For an interesting discussion of if this will continue to hold - an invariance - see https://carnegieendowment.org/research/2024/12/will-major-cities-continue-to-shape-global-economic-governance?lang=en
See https://www.statista.com/statistics/270162/urbanization-in-china/
Indeed, it is interesting to try to figure out what would have had to happen for us to end up with 50 nations in 2035 — war? Climate disaster? Aliens? And conversely - let’s say that we end up with 400 countries - where a significant amount of them might be former US states, for example - with their own nuclear weapons — what would that world look like?
See https://en.wikipedia.org/wiki/Landauer%27s_principle — where it says that current computers are at operating at a billion times as much energy per operation.
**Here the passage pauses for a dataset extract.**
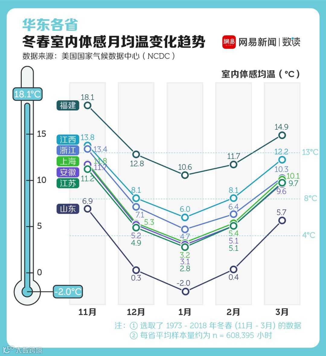 华东作为纬度跨度较大的地理分区,冬春季节各省的体感温度有明显差异。

One can be worried about manipulation, but I think that Hugo Mercier showed fairly clearly that manipulation is overvalued as a risk (see Mercier, H., 2020. Not born yesterday: The science of who we trust and what we believe. Princeton University Press). What I do worry about is the abudance of excellent, fantastic advice that always guides us to greater pleasure and satisfaction - and where the free will we retain is the freedom to make slightly worse and awkward choices.
I quite liked the way this argument is explored in Godfrey-Smith, P., 2024. Living on Earth: forests, corals, consciousness, and the making of the world and Green, J., 2023. The Possibility of Life: Science, Imagination, and Our Quest for Kinship in the Cosmos. Harlequin.
It feels a bit sneaky to think of a constant rate of change as an invariance (ie the first derivative is flat). I suppose it's true! But then it seems you could easily take the next step, and treat any constant higher order derivative (eg constant acceleration) as an invariance. Maybe technically so, but then if it *does* vary in the higher orders, it seems you would be further off base than with a bad bet on invariance in lower orders. (In the case of AI capability, whether acceleration is an invariance seems like precisely the big debate!)